The employer must not issue a second P60 for the same tax year and the same employment without the "Replacement" label, as duplicate documents create reconciliation problems for lenders and for HMRC. Where the error affects the tax or NI figures materially, the employer may also need to submit a corrected Full Payment Submission through Real Time Information to bring HMRC's records into alignment with the corrected P60 [3].
P60 and Payroll Software
The P60 is a downstream output of the payroll process. An employer who runs an accurate payroll throughout the year produces an accurate P60 automatically at year end. An employer whose payroll carries unresolved errors propagates those errors onto the employee's official year-end record.
Payroll software that holds the HMRC Recognised badge is required to generate P60s that match the current HMRC field specification, which is revised annually to reflect changes in statutory payment categories, threshold values and form layout [5]. The Moonworkers payroll API generates P60-compatible output as part of the year-end payroll close, with all six statutory payment fields populated and student loan deductions recorded by plan type.
Accountants and payroll bureaux managing multiple employer schemes benefit from a multi-client payroll platform that can produce and deliver P60s in bulk at year end without manual steps per employer.
Conclusion
The P60 is the year-end document that closes the PAYE record for every employee still in employment on 5 April. It is produced by the employer's payroll software, issued by 31 May, and relied upon by employees for mortgages, Self Assessment returns and benefits claims. The accuracy of the P60 depends entirely on the accuracy of the payroll run throughout the year.
The addition of Statutory Neonatal Care Pay to the mandatory P60 fields in recent years illustrates how the certificate keeps pace with expanding statutory obligations. Payroll software must remain aligned with the current HMRC field specification to ensure every P60 issued is complete and will be accepted by the third parties employees present it to.
Frequently asked questions
What is the difference between a P60 and a P45?
A P60 is issued annually to every employee still in employment on 5 April and covers the full tax year. A P45 is issued when an employee leaves a job and covers the period from 6 April to the date of departure.

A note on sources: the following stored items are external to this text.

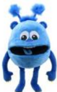
BABY MONSTER AZUL REF 311-PC004401

Marioneta adecuada para niños a partir de 18 meses.
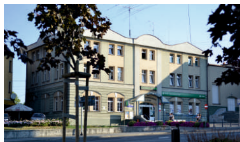
Budynek MOK po termomodernizacji w 2007 r.
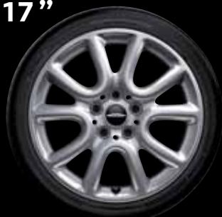
"RACE SPOKE" SILVER
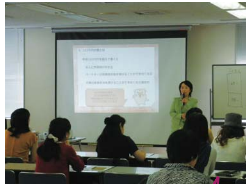
9月開催の講座「どう働く? 103万円の壁」

自分の働き方を考えることは、自分を見つめ直したり自分を知ることにつながります。そこから社会に関心を持ったり、社会をもっと知りたくなったり…。自分の働き方をデザインしていくというのは、分析と選択、そして行動の相互作用のようなものなのかもしれません。今号ではあなたの働き方のヒントになりそうな図書をいろいろ集めてみました。ピンときたものからぜひ手に取ってみてください。
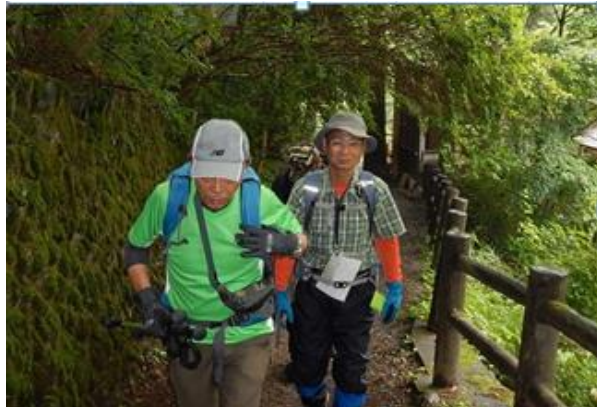
言う程に整備された遊歩道(出足まずまず)
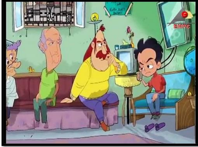
(شكل ١٠) سوبر هنيدي مسلسل كرتون بولييسي
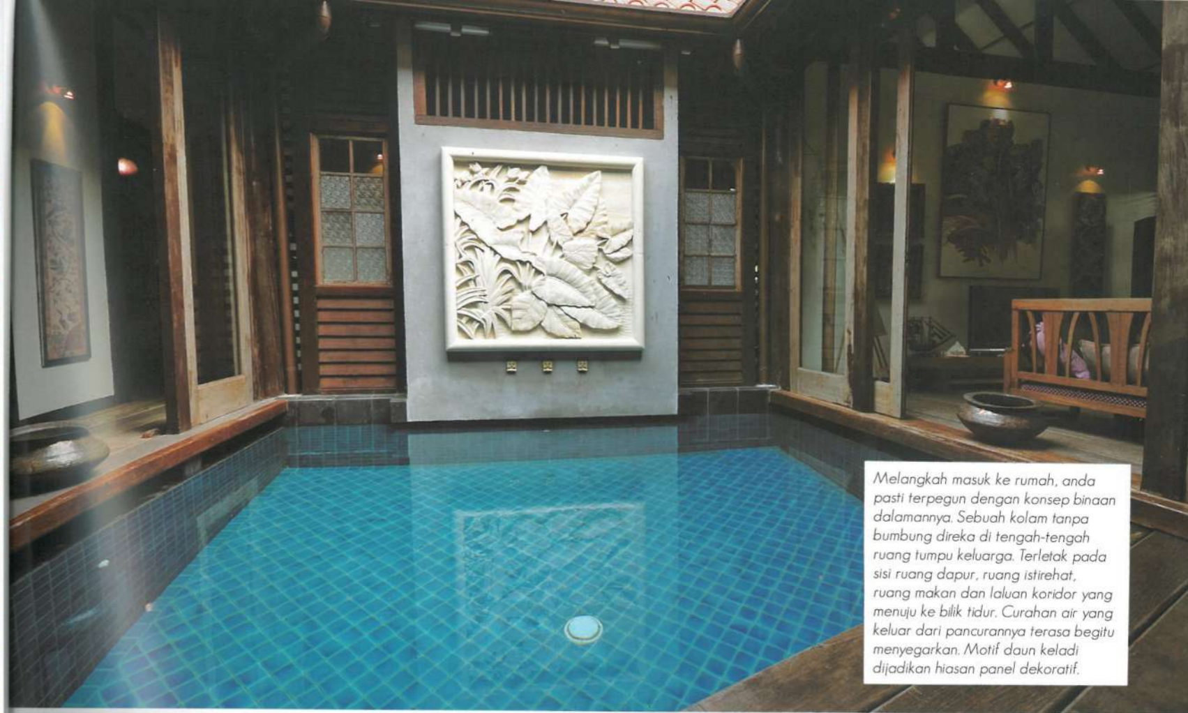
Melangkah masuk ke rumah, anda pasti terpegun dengan konsep binaan dalamnya. Sebuah kolam tanpa bumbung direka di tengah-tengah ruang tumpu keluarga. Terletak pada sisi ruang dapur, ruang istirahat, ruang makan dan laluan koridor yang menuju ke bilik tidur. Curahan air yang keluar dari pancurannya terasa begitu menyegarkan. Motif daun keladi dijadikan hiasan panel dekoratif.

An employee cannot receive both documents from the same employer for the same period [6]. For a full explanation of the P45, see the Moonworkers guide to what a P45 is.
Does every employee get a P60?
Only employees still in employment on 5 April receive a P60 [1]. Employees who left during the tax year receive a P45 at departure instead. Employees on sick leave, maternity leave or parental leave who have not formally left employment are still in scope for a P60, regardless of whether they received taxable pay during the year.

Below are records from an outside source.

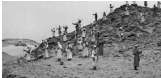
Scena iz filma "Pod zastavom Muhammeda, a.s." prikazuje muslimansku vojsku (streličare) u Bitci na Uhudu

Muhammed, a.s., je osobno osmislio strategiju za Bitku na Uhudu. Ključni su bili streličari, njih pedesetak, koji su morali štiti muslimanskoj vojsci leđa od dobro naoružane i uvježbane mekanske konjice, dok su se muslimanski pješaci i konjanici imali suočiti s neprijateljem licem u lice u podnožju planine Uhud. Poslanik je streličarima strogo podcrtao da ni ukolem slučaju ne smiju napu-
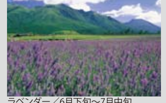
ラベンダー / 6月下旬～7月中旬
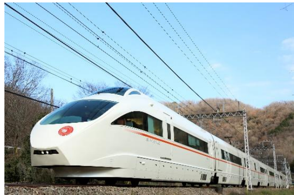
ニューイヤーエクスプレスとして運行する様子

バブル経済の崩壊により、世界に誇る観光地「箱根」も全国の観光地と同様にお客さまが減少する中、箱根への観光輸送に特化したロマンスカーとして、復興の想いを込めて2005年にデビューさせたのがVSEでした。移動時間をより上質なものとするため、空間設計等を意図して建築事務所「岡部憲明アーキテクチャーネットワーク」に総合デザインを依頼し、高いドーム型天井や温かみのある木を用いるなど居住性を高める革新性と、展望席や接続台車など伝統も継承した車両です。2005年3月19日午前9時に新宿－箱根湯本間を最速で結ぶ「スーパーはこね」として営業運転を開始以来、新年を祝い初詣や初日の出としてご利用いただける「ニューイヤーエクスプレス」などさまざまなシーンで当社の顔を飾ってまいりましたが、特殊な構造や装置を採用していることからVSE本来の性能を維持して運行することが困難であり、約18年の年月に幕を下ろします。
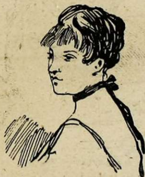
Veuve, sans fortune, mais ayant de magnifiques espérances (oncle possédant 1 million et un tempérament sanguin entièrement détraqué par l'abus des boissons), désire jeune homme du monde.
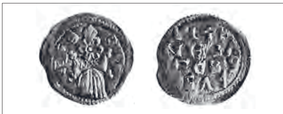
Sl. 9. Avers i revers novca Jakova

(П. Лутовац, Црква Св. Николе (Никољац) код Бијелог Поља, 31–33; В. Иванишевић — П. Лутовац, „Налаз српског средњовековног новца из цркве Св. Николе (Никољац) код Бијелог Поља”, Нумизматичар 30, Београд, 2012, 221–232.)
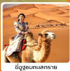
ซีอูซูชมทะเลทราย
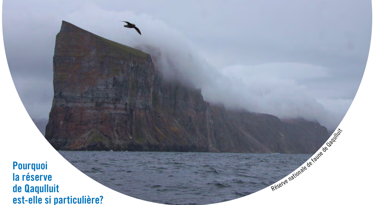
Réserve nationale de faune de Qaqqulluit

Can an employer issue a digital P60?
A digital P60 is fully legal in the UK and has been accepted by HMRC for a number of years [2]. The employer must ensure the employee can access, print or share the digital document as required. Most mortgage lenders now accept a PDF equivalent, provided it contains all mandatory fields. Some lenders may also request supporting payslips for the same period.

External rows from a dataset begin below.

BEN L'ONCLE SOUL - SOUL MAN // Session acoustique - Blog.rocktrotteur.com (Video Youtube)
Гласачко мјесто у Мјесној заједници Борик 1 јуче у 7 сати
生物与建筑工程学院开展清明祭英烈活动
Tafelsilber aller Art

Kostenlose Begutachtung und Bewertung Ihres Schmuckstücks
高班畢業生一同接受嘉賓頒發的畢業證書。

What should an employee do if their P60 shows the wrong income figure?
The employee should contact the employer's payroll team to identify the source of the discrepancy. Where the payroll records are wrong, the employer corrects the underlying payrun, submits any necessary Real Time Information amendments to HMRC, and reissues the P60 marked "Replacement" [5]. Where the employee believes the employer's records are correct but HMRC's own records differ, the employee can raise a query through the HMRC personal tax account or the Self Assessment telephone helpline.